Thematic breaks are extended or reduced to match the length of the document. If line length is set to infinity, it will instead use 3 of the separating character which must be one of -, _, or *.

-- - -

becomes:

----------------------------------------------------------------------------------------

API Reference

The tool also provides a function to reformat Markdown strings yourself.

from markflow import reformat_markdown_text

markdown = "   # Header 1"
nice_markdown = reformat_markdown_text(markdown, width=88)

Contributing

To contribute to this project, check out our contributing guide.

Issues

If you run into an issue running a Markdown file, feel free to open an [issue][ issues]. If you can include the faulting file, that will make it so much easier to debug.

This script can help in anonymizing your file if you have any confidential information in it.

#!/usr/bin/env python3
""" Anonymize file XXXX.md and output it to XXXX.out.md """
import pathlib
import random
import string

FILE_NAME = "XXXX.md"
input_path = pathlib.Path(FILE_NAME)
output_path = pathlib.Path(".out.".join(FILE_NAME.rsplit(".", maxsplit=1)))
text = input_path.read_text()
output = ""

for char in text:
    if char in string.ascii_lowercase:
        char = random.choice(string.ascii_lowercase)
    elif char in string.ascii_uppercase:
        char = random.choice(string.ascii_uppercase)
    output += char
output_path.write_text(output)

Implementation

To read more about how the tool works, checkout the implementation outline.

Credits

This tool was inspired by a coworker not enjoying having to manually reformat Markdown files. He wanted a tool that would enforce it like black does for Python code. That is why the line length default is 88.

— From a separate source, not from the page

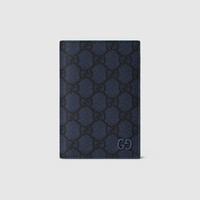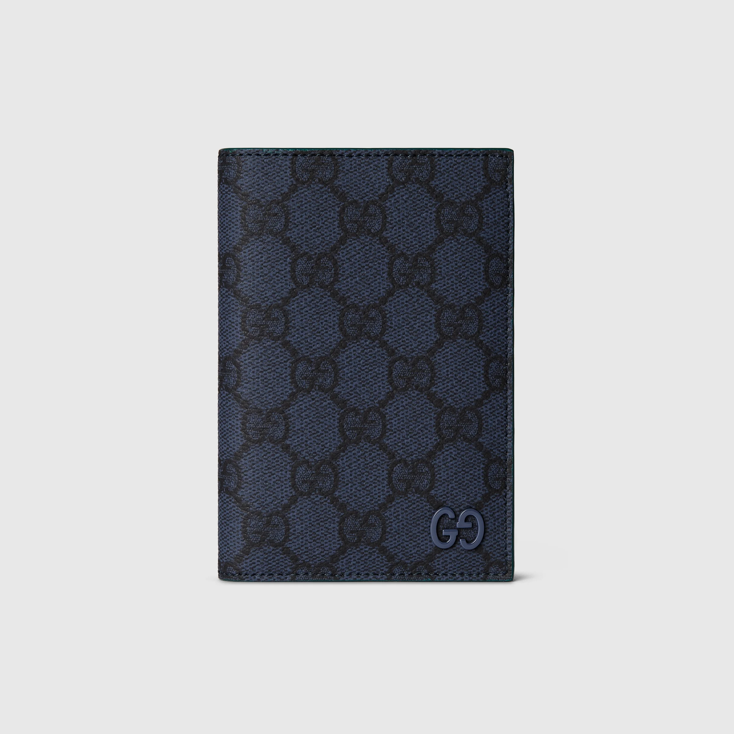 This passport case has been crafted from soft GG Supreme and reveals an unexpected contrasting leather trim. A GG detail with a ceramic-effect completes the piece. - Dark blue soft GG Supreme - Green leather trim - Palladium hardware with blue ceramic-effect finishing - Moire lining - GG detail - Inside: 4 card slots, 1 passport pocket - Closed: 3.7"W x 5.3"H; Open: 7.5"W x 5.3"H - Weight: 0.158lbs approximately - Made in Italy
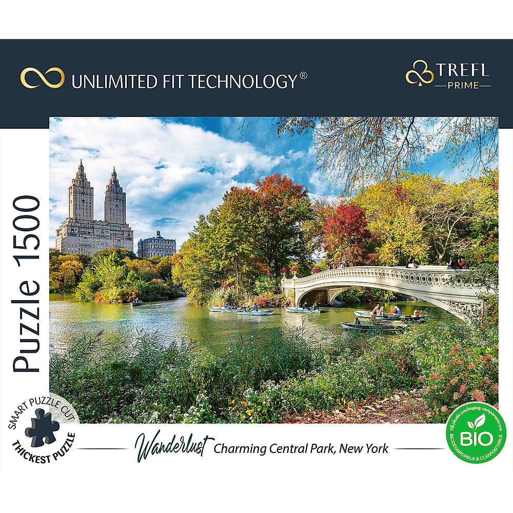 Пазли - (1500 елм.) - Безмежна колекція: "Чудовий Центральний парк, Нью-Йорк" Головоломки з серії Trefl Prime Unlimited Fit Technology, що складається з 1500 елементів, присвячені справжнім любителям головоломки. Головоломка зображує Центральний парк у Нью -Йорку. Після прокладки буде створено зображення розміром 850x580 мм. Головоломки були виготовлені з високоякісних матеріалів, використовуючи найгустіший картон, унікальні форми та спеціальний метод різання. Завдяки цьому ми можемо створити індивідуальний колаж і легко перемістити всю головоломку. Крім того, окремі елементи продукції UFT виготовлені з екологічних матеріалів. Сумка жолоба та наклейки на коробці були виготовлені з біологічно розкладаної фольги. Продукти не загорнуті в теплову фольгу.

A Bonus Note on Block Quote Formatting

Escaping > is especially important for the tool itself as otherwise updated block quotes could be too deep. For instance, incorrect wrapping here could result in an extra indented block of code.

> Please don't wrap after this period. >
> Because I don't want to be a double quote.

becomes:

> Please don't wrap after this period.
> > Because I don't want to be a
> double quote.

which would format to:

> Please don't wrap after this period.
> > Because I don't want to be a
> > double quote.

Of course, if the tool tried that, it would throw an exception since it double checks that if it were to be rerun the output would not change, at which point, hopefully, dear reader, you would open an issue. But I get it if you don't want to. I've been there.